Reconstructing $3D$ point cloud from depth maps and known camera parameters

529 Views Asked by At

The Task

I have four depth maps of the same scene, one from each side (front, back, left, right). Given a depth map, I would like to reconstruct a 3D point cloud.

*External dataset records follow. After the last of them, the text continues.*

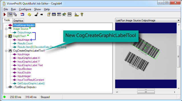 See the topic Using QuickBuild for details on using QuickBuild. A new CogCreateGraphicLabelTool is added to a Job with a set of input parameters ready to accept values from other vision tools in the tool group or tool block, as shown: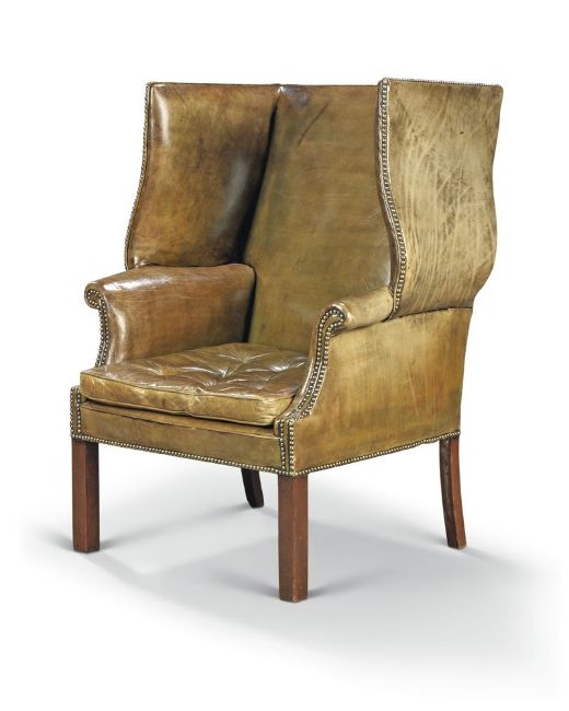 A George III mahogany and nailed leather upholstered wing armchair, late 18th century, on square legs, 114cm high Provenance: Sotheby's, 22 May 1981, lot 151.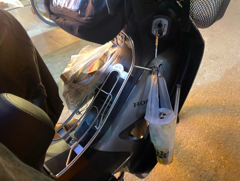 At 10:15 p.m the first order of Dat’s shift showing in the app is 1 pack of Banh mi and 2 cups of milk tea. It is a “stacked order,” meaning he must deliver to two separate locations. The banh mi shop is still open but nearly empty. After checking the items, Dat heads out quickly to stay on schedule.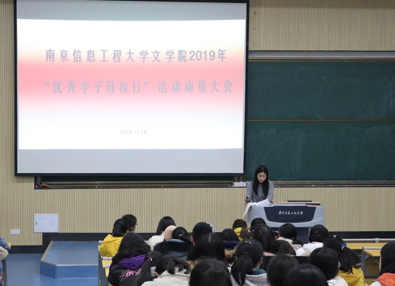 为积极响应学校开展“优秀学子母校行”社会实践活动的号召,为永利集团官网学生感恩母校、展示风采提供社会实践的载体,永利集团3044官网欢迎您于12月18日在北辰楼西阶教室举行了“优秀学子母校行”动员大会。会议由院团委书记张潇潇老师主讲,2018级全体学生参加了此次大会。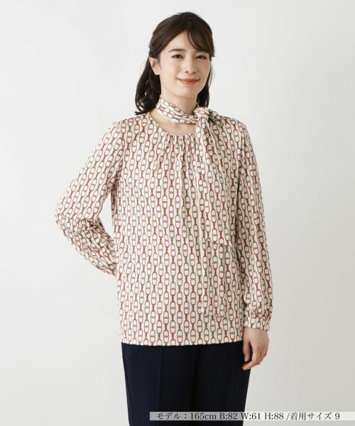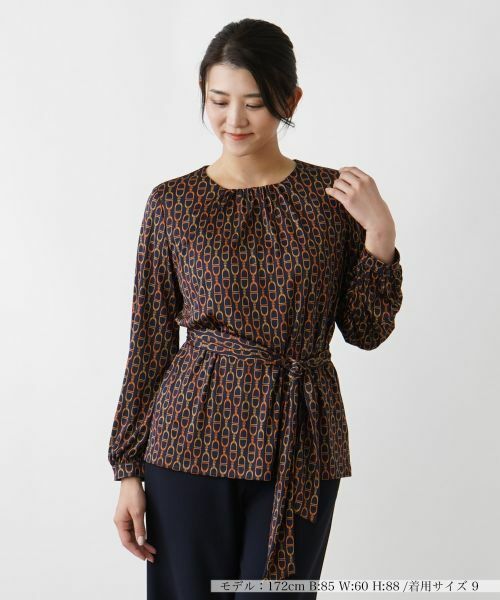 美しいグラデーションカラーを取り入れた、アンティーク調のチェーン柄がプリントされたプルオーバー。ハイウエストで共布ベルトをマークすればこなれ感のある上級者らしい着こなしに。ネック周りに結んでボウタイ風のアレンジも楽しめます。ワイドパンツでカジュアルに仕上げたり、ロングスカートを合わせてエレガントに着こなしたりとコーディネートも思いのまま。バックネックはループボタンにより開閉が可能です。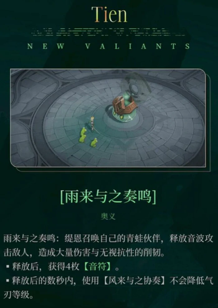 终结技风来与之协奏,按气刃等级选释放时机。奥义雨来与之奏鸣召唤青蛙助战,单用人一般,组合终结技提升生存、输出,提供前排掩护。技能间穿插普攻,维持连击数,伤害最大化。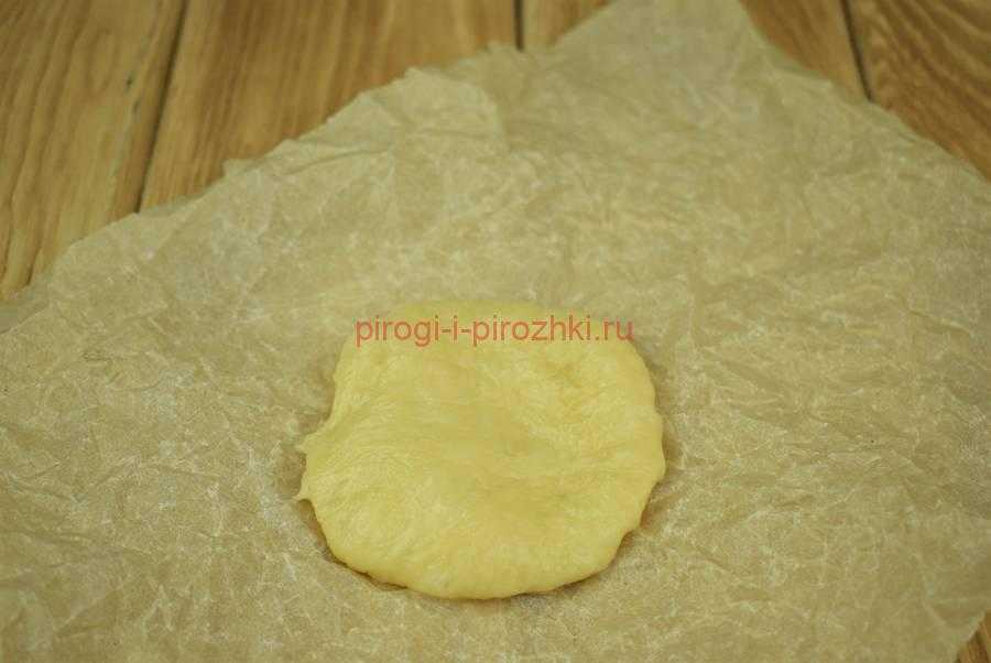 Готовое тесто обмять, разделить его на 16-18 частей. На столе, присыпанном мукой, из каждой части теста сформировать лепешку, в середину которой поместить по 1 столовой ложке начинки.
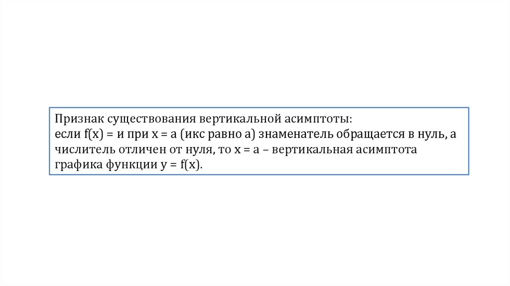 числитель отличен от нуля, то х = а – вертикальная асимптота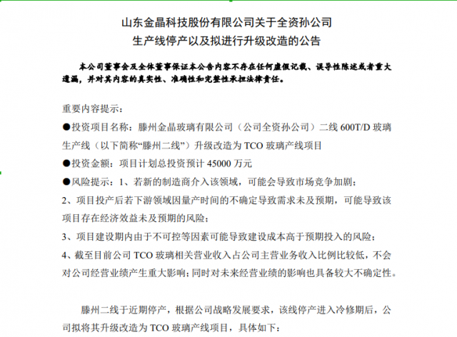 金晶科技9月12日公告,2012年9月8日滕州金晶玻璃有限公司(公司全資孫公司)二線600T/D 玻璃生產(chǎn)線(“滕州二線”)點(diǎn)火運(yùn)行,截至目前已經(jīng)達(dá)到設(shè)計(jì)窯齡,目前窯爐侵蝕狀況比較嚴(yán)重,窯爐運(yùn)行安全存在一定隱患,鑒于此,公司于近期對(duì)其停產(chǎn)。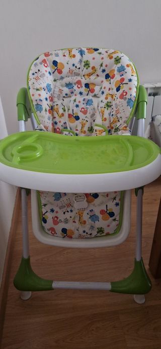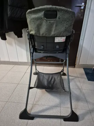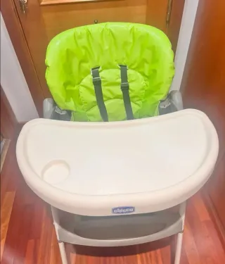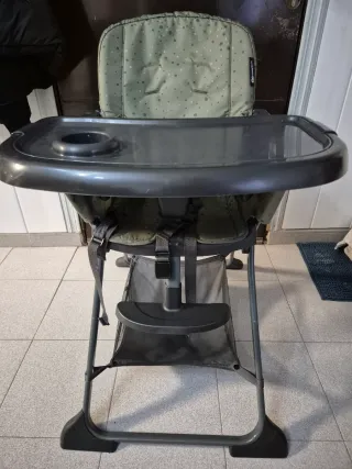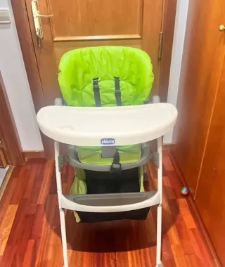 Trona para bebé de la marca Chicco, con un diseño plegable y práctico. - Asiento acolchado en color verde. - Bandeja extraíble. - Arnés de seguridad.

For each depth map I have the following camera-specific matrices: intrinsic $(3\times3)$, extrinsic $(3\times4)$ & camera$(3\times4)$.

My attempt

Base

Let us denote the intrisic matrix with $I_C$ and the extrinsic matrix with $E_C$ (for some camera $C$): $$s \begin{bmatrix}u\\v\\1\end{bmatrix} = I_C E_C \begin{bmatrix}X\\Y\\Z\\1\end{bmatrix}$$ Multiplying with $I_C^{-1}$ from the left we get: $$s\cdot I_C^{-1} \begin{bmatrix}u\\v\\1\end{bmatrix} = E_C \begin{bmatrix}X\\Y\\Z\\1\end{bmatrix}$$ Separating $Z$ (which we know from the depth map) from the rest of the vector we derive: $$s\cdot I_C^{-1} \begin{bmatrix}u\\v\\1\end{bmatrix} = E_C^{(-3)} \begin{bmatrix}X\\Y\\1\end{bmatrix}+Z\cdot E_C^{(3)}$$ where $E_C^{(-3)}$ is the matrix that one gets if the third column is omitted while $E_C^{(3)}$ denotes the third column. $$\begin{bmatrix}X\\Y\\1\end{bmatrix} = (E_C^{(-3)})^{-1}\left(s\cdot I_C^{-1} \begin{bmatrix}u\\v\\1\end{bmatrix} -Z\cdot E_C^{(3)}\right)$$

My question(s)

  1. How can I determine $s$ analytically? Is $s$ different for every point or a global constant?
  2. Is there a more straightforward way to do this?
  3. My depth maps have a resolution of $640 \times 480$. Which coordinates do I need to supply as $u$ and $v$? Normalized to the unit interval?